**What you are asked to do**
Retype exactly the span of lines below from the one with "Bora Bora besteht" through the one with "道坚法师与部分资助的儿童谈心". Do not include pictures.

**Raw data**
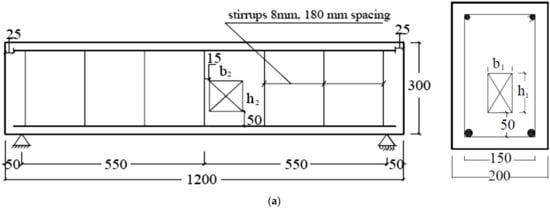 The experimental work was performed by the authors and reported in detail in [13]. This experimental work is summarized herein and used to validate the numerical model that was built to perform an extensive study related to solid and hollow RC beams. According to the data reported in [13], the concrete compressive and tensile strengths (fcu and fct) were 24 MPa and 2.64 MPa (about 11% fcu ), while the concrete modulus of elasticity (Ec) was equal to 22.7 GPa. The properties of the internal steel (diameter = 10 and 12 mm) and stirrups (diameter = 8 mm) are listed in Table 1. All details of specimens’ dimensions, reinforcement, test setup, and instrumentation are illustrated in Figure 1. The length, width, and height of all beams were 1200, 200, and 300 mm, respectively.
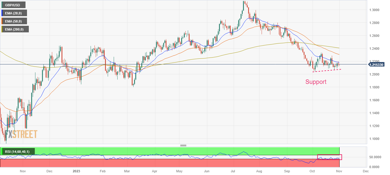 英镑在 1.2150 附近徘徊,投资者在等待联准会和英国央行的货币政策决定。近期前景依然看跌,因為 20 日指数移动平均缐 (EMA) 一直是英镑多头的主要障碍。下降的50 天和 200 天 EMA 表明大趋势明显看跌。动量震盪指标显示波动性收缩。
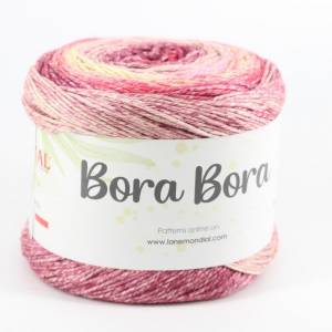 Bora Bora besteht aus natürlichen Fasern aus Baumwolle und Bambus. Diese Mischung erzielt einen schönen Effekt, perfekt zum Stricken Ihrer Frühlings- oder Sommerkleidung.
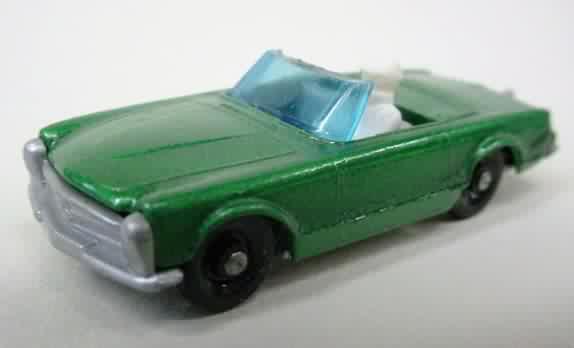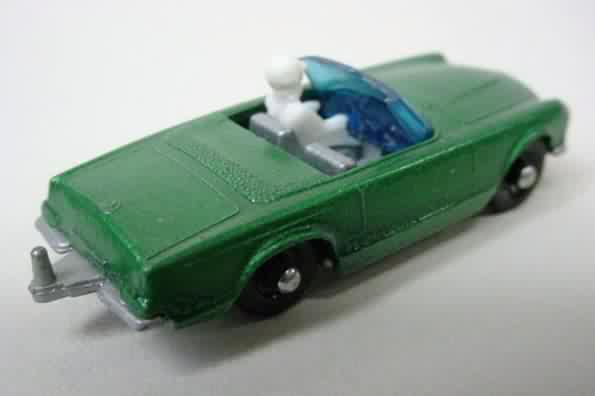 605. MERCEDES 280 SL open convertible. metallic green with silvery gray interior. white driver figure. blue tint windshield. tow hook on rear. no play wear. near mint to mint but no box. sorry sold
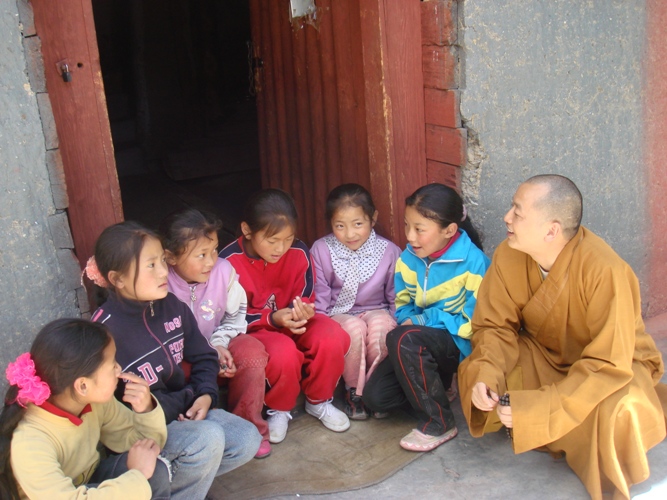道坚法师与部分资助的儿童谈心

--

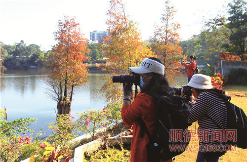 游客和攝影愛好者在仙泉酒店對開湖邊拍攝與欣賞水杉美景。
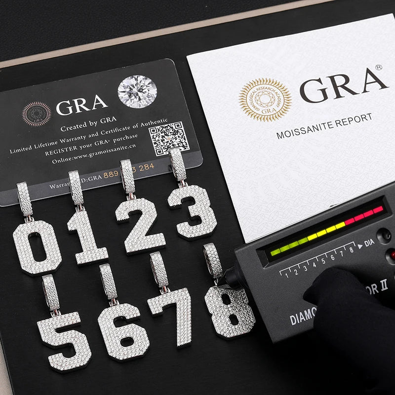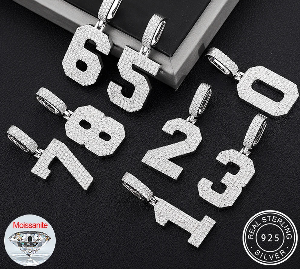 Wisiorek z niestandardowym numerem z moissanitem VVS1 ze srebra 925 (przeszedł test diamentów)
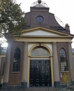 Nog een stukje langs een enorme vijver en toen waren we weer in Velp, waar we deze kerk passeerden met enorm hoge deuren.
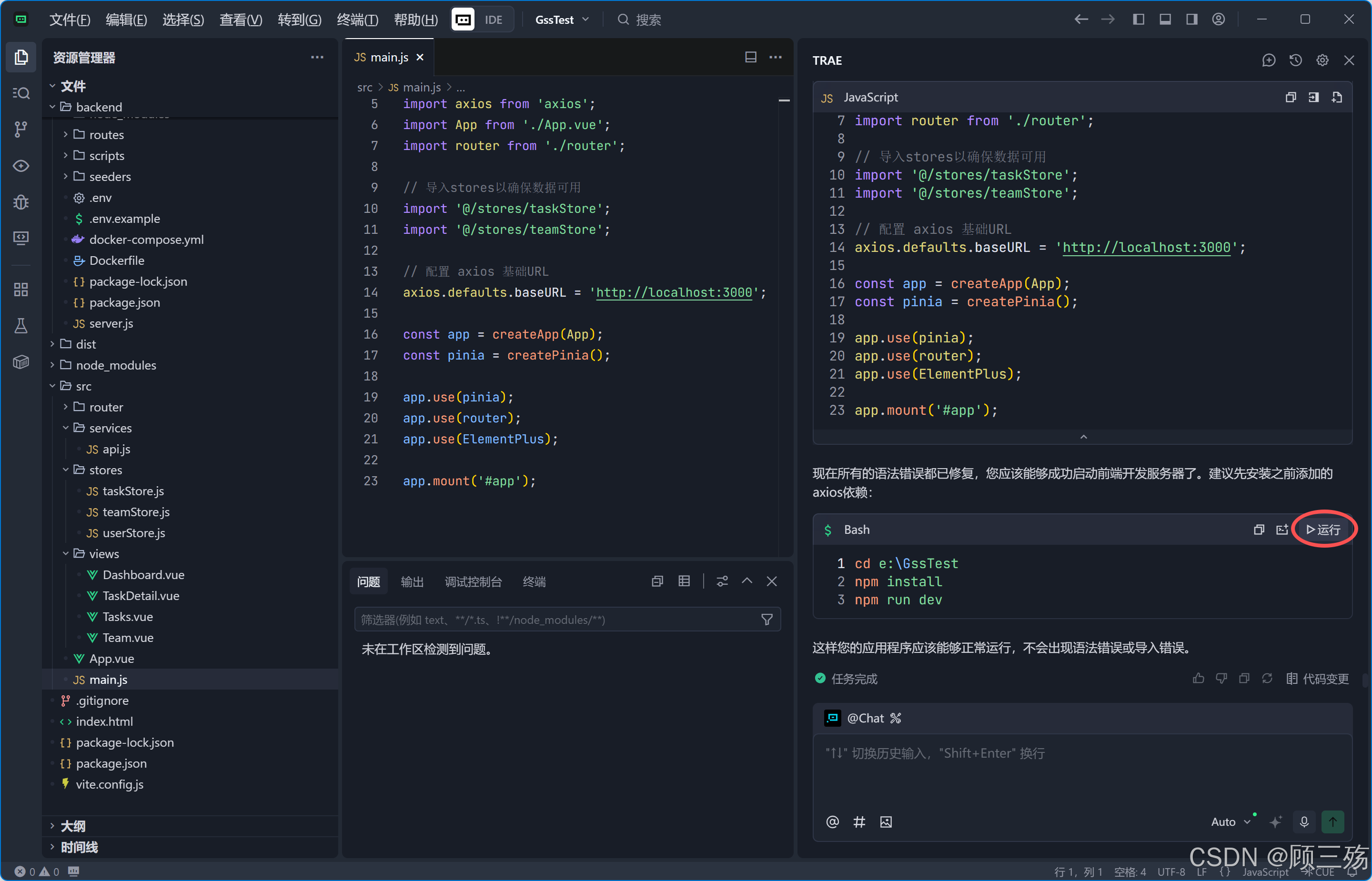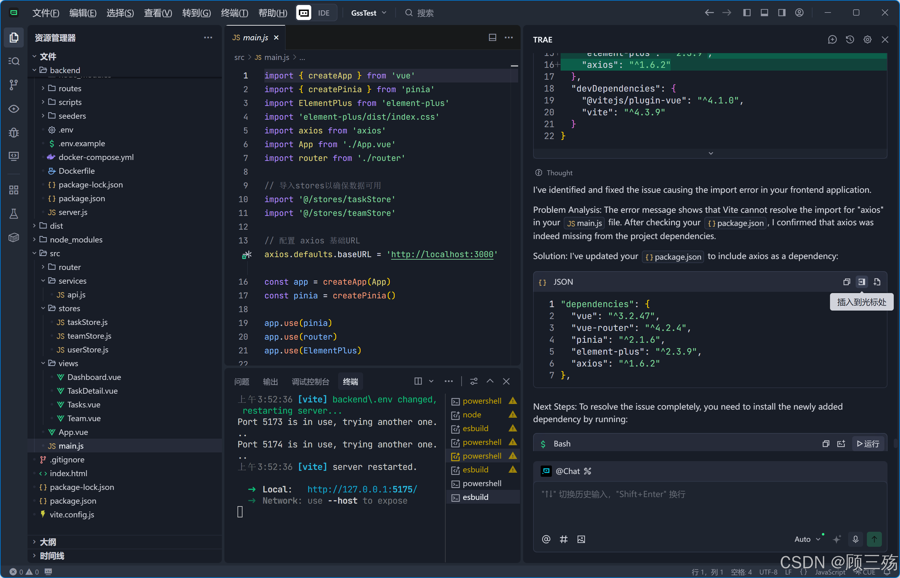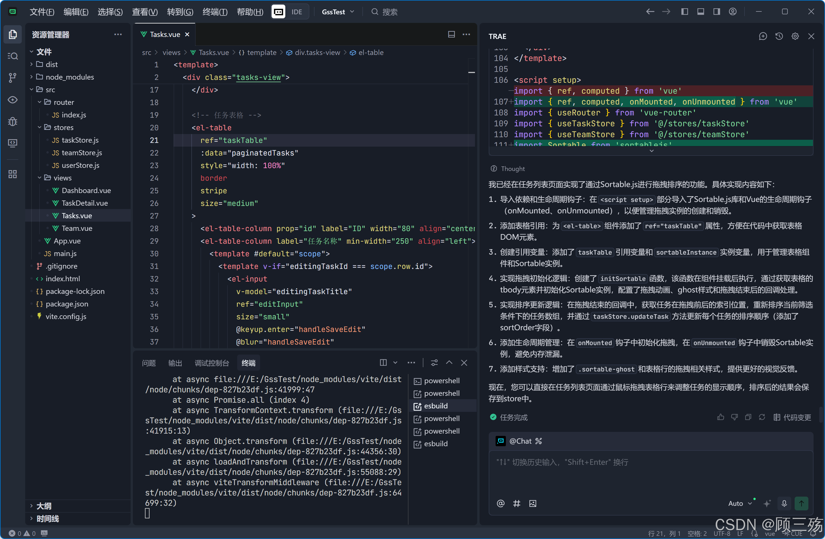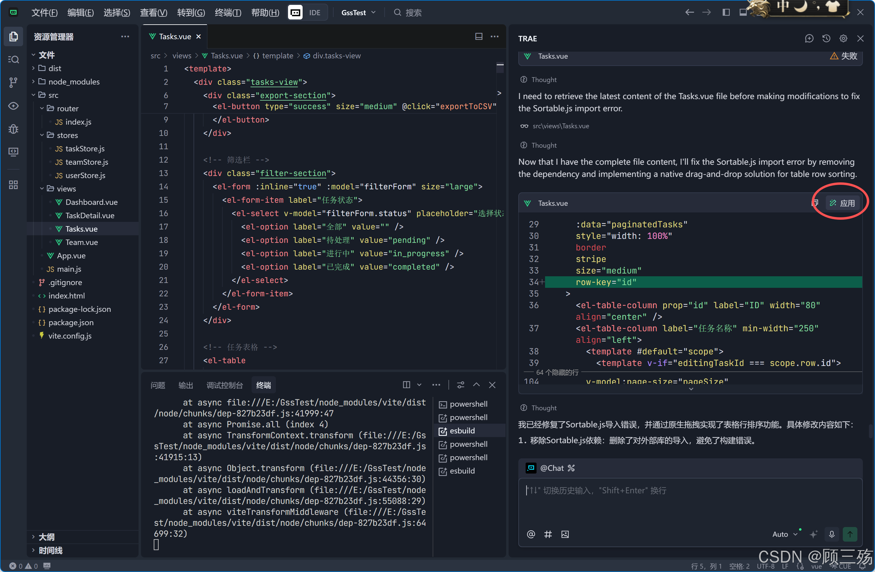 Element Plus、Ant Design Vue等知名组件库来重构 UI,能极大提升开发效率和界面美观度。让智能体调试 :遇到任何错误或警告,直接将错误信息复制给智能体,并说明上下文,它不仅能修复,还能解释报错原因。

**Exercise output**
 Bora Bora besteht aus natürlichen Fasern aus Baumwolle und Bambus. Diese Mischung erzielt einen schönen Effekt, perfekt zum Stricken Ihrer Frühlings- oder Sommerkleidung.
 605. MERCEDES 280 SL open convertible. metallic green with silvery gray interior. white driver figure. blue tint windshield. tow hook on rear. no play wear. near mint to mint but no box. sorry sold
道坚法师与部分资助的儿童谈心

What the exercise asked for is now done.